Lots of seedy sh*t went down in 2022. Here’s a list of some of the worst perpetrators…

There are those who say that the mob never really left Las Vegas and that it just changed its methods and appearance. But if that were true, some of the people on this list might have rightly “disappeared” instead of dragging the city and its reputation down. Truth be told, if a few of our “honorees” were never to be seen again, would anyone care? Let’s take a look at some of the Villains of the Year, and you can decide for yourself.

ADELE – Petulant Millionaire Snot

Few people could bring a major metropolis to its knees the way arrogant entertainer Adele did. After setting what was surely a record for outrageous ticket prices, the forever sobbing diva abruptly pulled the plug on her Caesars Palace residency mere hours before its debut.

Announcing her decision via a tear-filled video. this whiny spoiled brat blamed EVERYONE but her herself. First, it was COVID. Then it was the production designer. The story kept changing, but the excuses never stopped.

Our behind-the-scenes informant told VEGAS 411 a far different story, wherein the ever-demanding singer hated just about everything around her. From the sound system and local backup singers to the video equipment and the theater’s curtains, nothing could satisfy the once-poor millionaire. Her production even refused to hire unionized Nevadans, opting for cheaper technicians they brought in from Canada.

People on the crew were forbidden to talk to this demon or even look in her direction when she actually bothered to come to rehearsals. Rumors flew that problems with her latest boyfriend (she canceled a previous tour over relationship issues) contributed to the chaos. Whatever the real reason, thousands of people were inconvenienced, millions of dollars were wasted, and the organizers enjoyed collecting interest on all the money that fans had wasted on tickets for the January/April residency.
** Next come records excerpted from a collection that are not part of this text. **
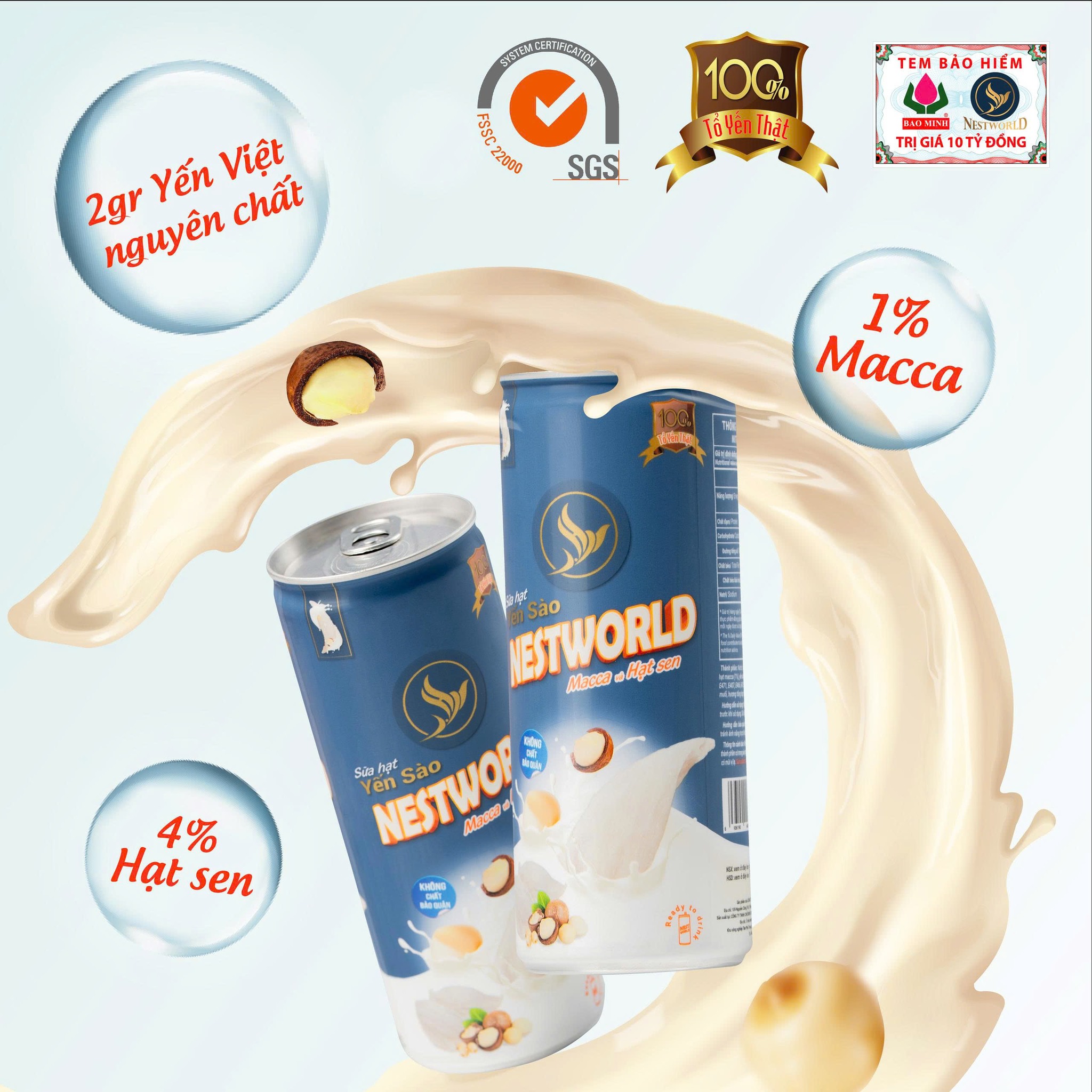 Đây là sữa hạt yến dạng lon lần đầu xuất hiện trên thị trường, chứa 2gr yến Việt nguyên chất được khai thác từ hệ thống nhà yến trải dài trên toàn quốc của Nestworld.
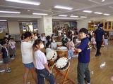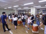 【クラブ活動】和太鼓クラブは、春日神社の例大祭に向けて、休み時間にも練習をしています。今日から1年生ホールで練習を始めたので、1年生が様子を見に来ていました。
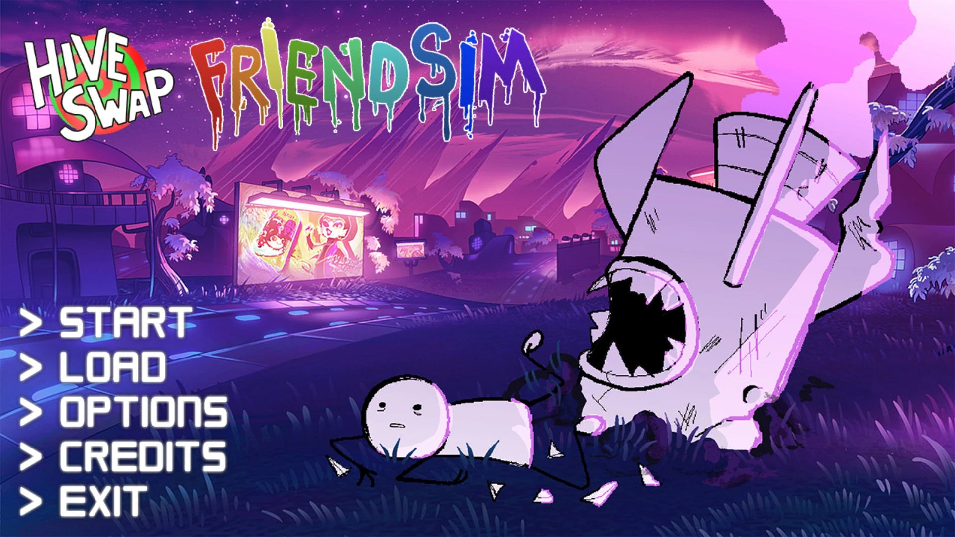 Hiveswap Friendship Simulator, Hiveswap Friendsim, is or just Friendsim a Hiveswap spinoff anthology of visual novels, written by a diverse group of writers, including Andrew Hussie, and primarily developed by David Turnbull in Ren'Py. The games are modelled on the style of the dating sim genre, styled as "friendship simulators" as the interactions had with the characters are platonic; this format follows in the footsteps of Andrew's previous dating simulator project featuring Homestuck characters, Namco High. The game features Hiveswap trolls first introduced by the Troll Call event, with whom the player interacts with in the persona of an unknown title character (potentially the MSPA Reader, acting as a nameless player substitute) who has crash-landed on Alternia. According to What Pumpkin, the format is a riff on the traditional dating sim; "The idea is, instead of trying to date a character, you just try to befriend them, and in the process, you get to know them better, and ridiculous things happen along the way."

Refunds were eventually offered more than half a year later, and the show began in November, almost a year late. Those who attended have said that it was worth the wait and expense, which leads us to the next villains on our list.

ADELE ENABLERS –

What’s worse than a rotten person? The answer is people who allow and ignore bad behavior. When it comes to a trouble-causing bitch like Adele, absolutely NOBODY should have forgiven and forgotten.

My finger is aimed squarely at the fans who gave this wretched excuse for a human being a second chance to spit in their faces, suck up their money, and laugh all the way to the bank. When the world is undergoing an unprecedented period of economic turmoil, it takes a real imbecile to hand over the equivalent of a few mortgage payments for a two-hour concert.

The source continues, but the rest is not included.